SELECT total votes for new & returning users in mysql

I have 2 tables: votes and users. I would like to be show the count (not sum) of total votes for new registered users by date next to the total votes of that day.
Time frame for the query can be all, I can later add from - to time frame.

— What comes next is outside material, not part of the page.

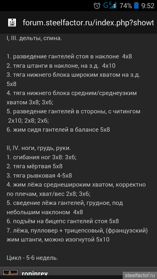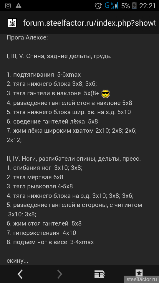 Спасибо за проги, будет как ориентир. Формат просмотра удобный. Сам костяк подходит. Забыл написать, тренировок у нас 5 в неделю, упражнений до 12-ти за треню - не проблема. Если че-нибудь легкое, типа дельты + руки, это где-то на полтора часика. То есть плотность треньки большая. В среднем 5 подходов это 6-10 минут. Не больше. Это нормальный объемный режим. Грудных в проге нет, кормящая мама. Не рискуем.

So if I have 10 votes per Date X, I would like to know how many where generated by new users and how many by returning users as well as how many new and returning voted (* also to include new who didn't vote).
votes:
id | vote | user_id | created_at
1 | 30 | 28 | 2012-06-10
1 | 12 | 15 | 2012-06-10
1 | 30 | 28 | 2012-06-10
...
users:
users_ id | created_at
28 | 2012-06-01
29 | 2012-06-03
30 | 2012-06-10
...
and the result i'm looking to get is this:
Date | total votes | votes for new | votes for returning | total new users | total returning users
thanks!
----- current code:
SELECT
DATE(created_at) AS Date,
SUM(CASE WHEN `Type` = 'Votes' THEN 1 ELSE 0 END) AS 'Total Votes',
SUM(CASE WHEN `Type` = 'Users' THEN 1 ELSE 0 END) AS 'Total Users'
FROM
(
SELECT created_at, 'Votes' `Type` FROM votes
UNION ALL
SELECT created_at, 'Users' FROM users
) t
GROUP by DATE(created_at)
ORDER by DATE(created_at) DESC
I would consider breaking this up in several queries. If i understood you right, this should be what you are looking for.
All votes pr date:
SELECT created_at AS date, COUNT(*) AS totalvotes FROM votes GROUP BY created_at;
All votes by new users pr date
SELECT v.created_at AS date, COUNT(*) AS newuservotes FROM votes v INNER JOIN users u WHERE v.user_id = u.user_id AND v.created_at = u.created_at GROUP BY v.created_at;
All votes by old users pr date
The two numbers subtracted
If you want the entire thing in one query:
SELECT totvotes.date AS date, totvotes.totalvotes AS totalvotes, IFNULL(newvotes.newuservotes, 0) AS newuservotes, totvotes.totalvotes-IFNULL(newvotes.newuservotes, 0) AS olduservotes
FROM
(
SELECT created_at AS date, COUNT(*) AS totalvotes FROM votes GROUP BY created_at
) totvotes
LEFT JOIN
(
SELECT v.created_at AS date, COUNT(*) AS newuservotes FROM votes v INNER JOIN users u WHERE v.user_id = u.user_id AND v.created_at = u.created_at GROUP BY v.created_at
) newvotes ON totvotes.date = newvotes.date
Tested with
mysql> select * from users;
+---------+------------+
| user_id | created_at |
+---------+------------+
| 1 | 2012-06-01 |
| 2 | 2012-06-02 |
| 3 | 2012-06-03 |
+---------+------------+
3 rows in set (0.00 sec)
mysql> select * from votes;
+----+------+---------+------------+
| id | vote | user_id | created_at |
+----+------+---------+------------+
| 1 | 10 | 1 | 2012-06-01 |
| 2 | 20 | 1 | 2012-06-10 |
| 3 | 30 | 2 | 2012-06-02 |
| 4 | 40 | 2 | 2012-06-10 |
+----+------+---------+------------+
4 rows in set (0.00 sec)
Result:
+------------+------------+--------------+--------------+
| date | totalvotes | newuservotes | olduservotes |
+------------+------------+--------------+--------------+
| 2012-06-01 | 1 | 1 | 0 |
| 2012-06-02 | 1 | 1 | 0 |
| 2012-06-10 | 2 | 0 | 2 |
+------------+------------+--------------+--------------+
Something similar could be used for "Never voted" users and so forth
I wasn't sure about how versed you are in SQL, so if there is any questions please comment and i will update the ansver.